The illusion of progress is often sold as modernity by the Global North to the Global South. The drive for scale during the Industrial Revolution transitioned into the rise of technological commerce, which continues to propel transnational corporations toward what I call extractive obesity – extractive overshoot practices that excessively exploit resources and labor from mining communities. This unfettered extraction of resources relies upon the destabilization of communities in African regions rich in mineral resources. These communities become “sacrifice zones” and “sacrifice bodies”. Surviving within the global economic system in the name of progress requires ecological and social compromise from our leaders, often leaving these communities with the existential threat of self-termination.

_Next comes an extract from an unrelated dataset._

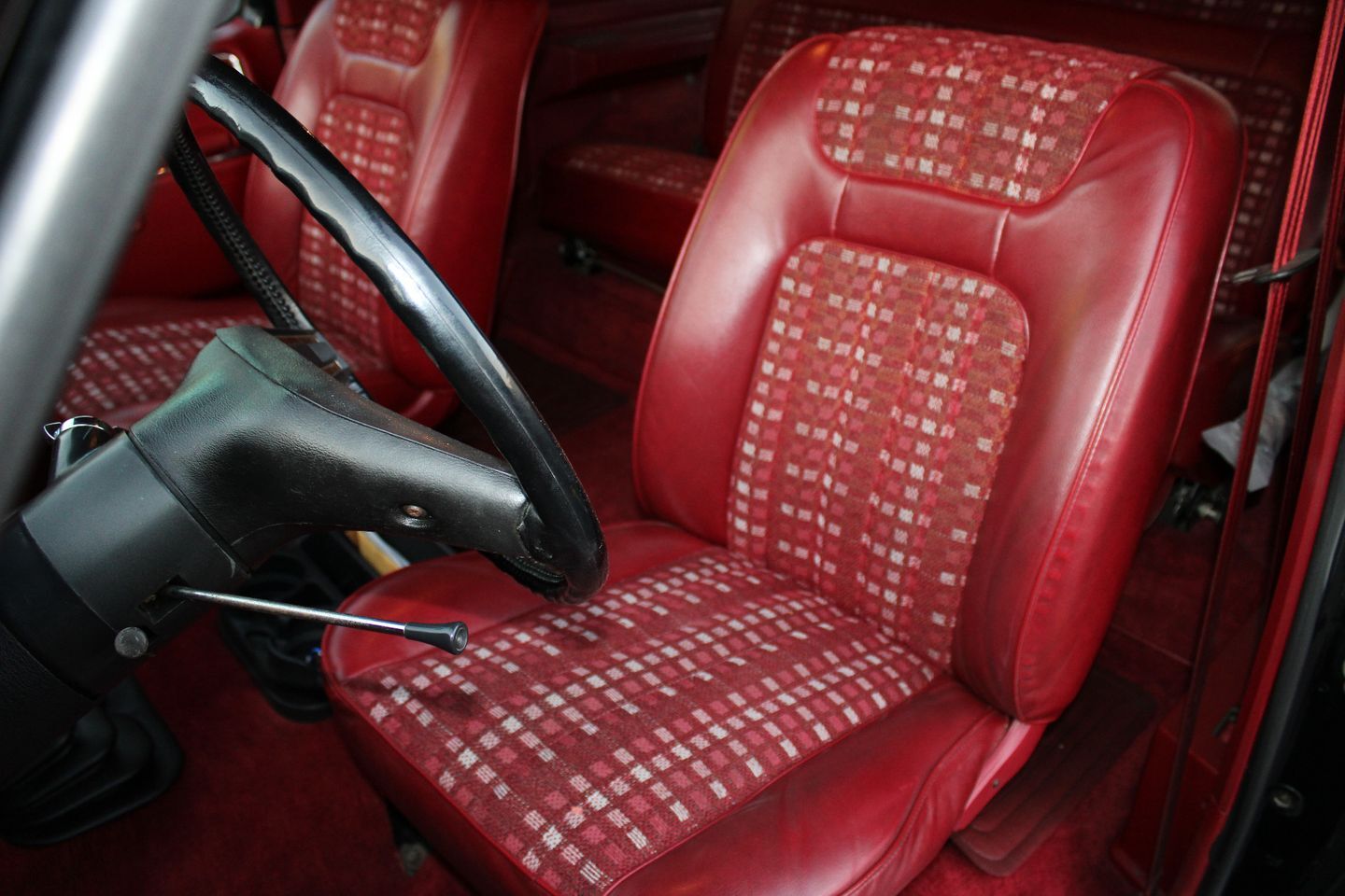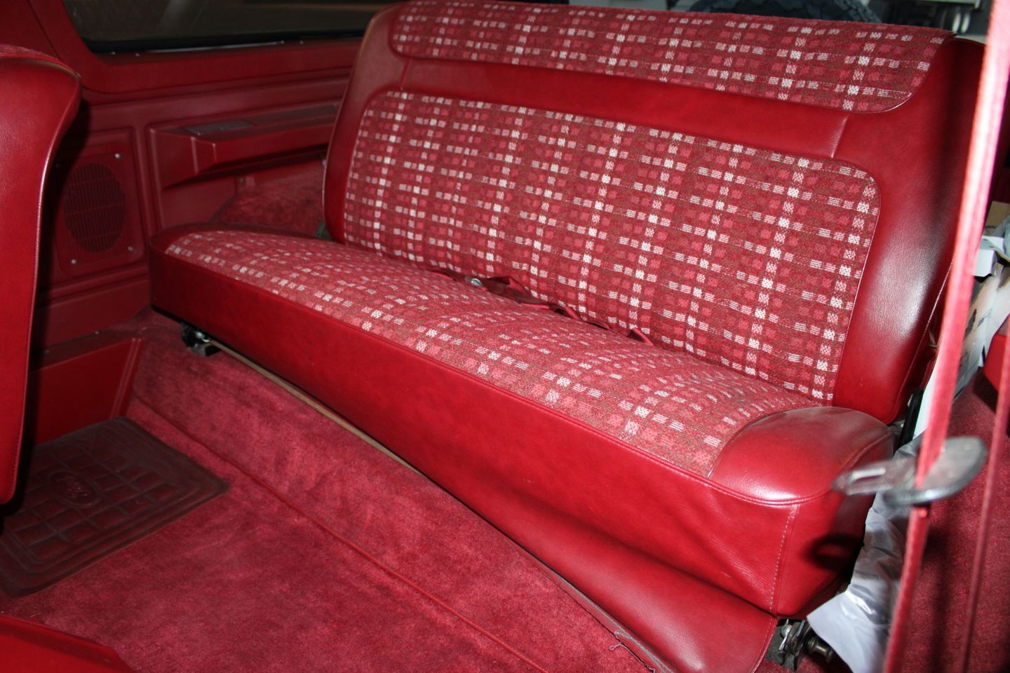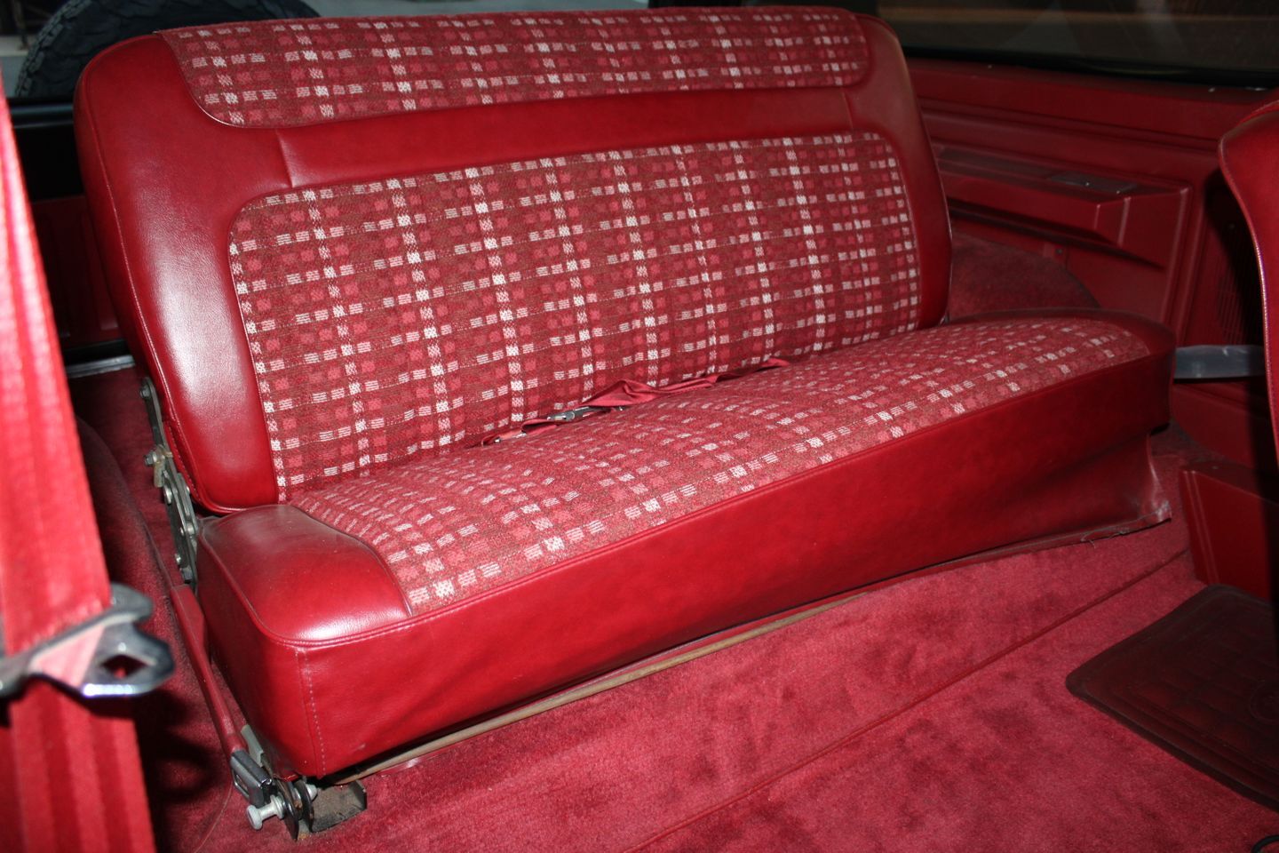 The red cloth interior is a testament to the attention to detail and craftsmanship that went into the design of this Bronco. It offers a comfortable and inviting environment that's perfect for both short trips around town and long, leisurely drives in the countryside. The seats are plush and supportive, providing optimal comfort for all occupants. The dashboard and controls are intuitively laid out, making it easy to operate the vehicle and enjoy the driving experience.

Today, as artificial intelligence companies build what Karen Hao calls the “Empire of AI,” the same colonial patterns are being replicated globally through data extraction. This new form of extraction exploits vulnerable workers while concentrating power among a small group of Silicon Valley elites.
The journey from physical to digital extraction is not a radical break from the past; it is a direct continuation of the same economic and social logic.
The Anatomy of Physical Extraction
Any meaningful analysis of our device society must begin with the physical realities that define it. The historical and contemporary practice of mineral extraction in the Global South provides a powerful and tragic entry point into this discussion.
Extractive capitalism in the Global South and the sharing of African resources without Africans’ consent began with the Berlin Congo Conference of 1884. Formal colonialism has ended, but colonial perceptions of Africa remain, and a neocolonial fractal supply chain of exploitation of resources and labor continues to gut Africa of its mineral wealth for the production of finished products. Rock-bottom prices force artisanal miners to expand their mines. Where maximized extraction is the only way to survive, disasters plague communities. The 2020 Kamatuga mine collapse, which killed 50 Congolese miners, was one of the worst in memory. The pattern of exploiting the world’s poorest to create wealth extends to AI development, where Scale AI and Sama have utilized Venezuela’s economic collapse and the pandemic’s economic impact in Kenya to force workers into psychologically damaging tasks in exchange for abysmally low wages. Hao traces Kenyan workers receiving $2 an hour to filter toxic content for OpenAI, including child sexual abuse material.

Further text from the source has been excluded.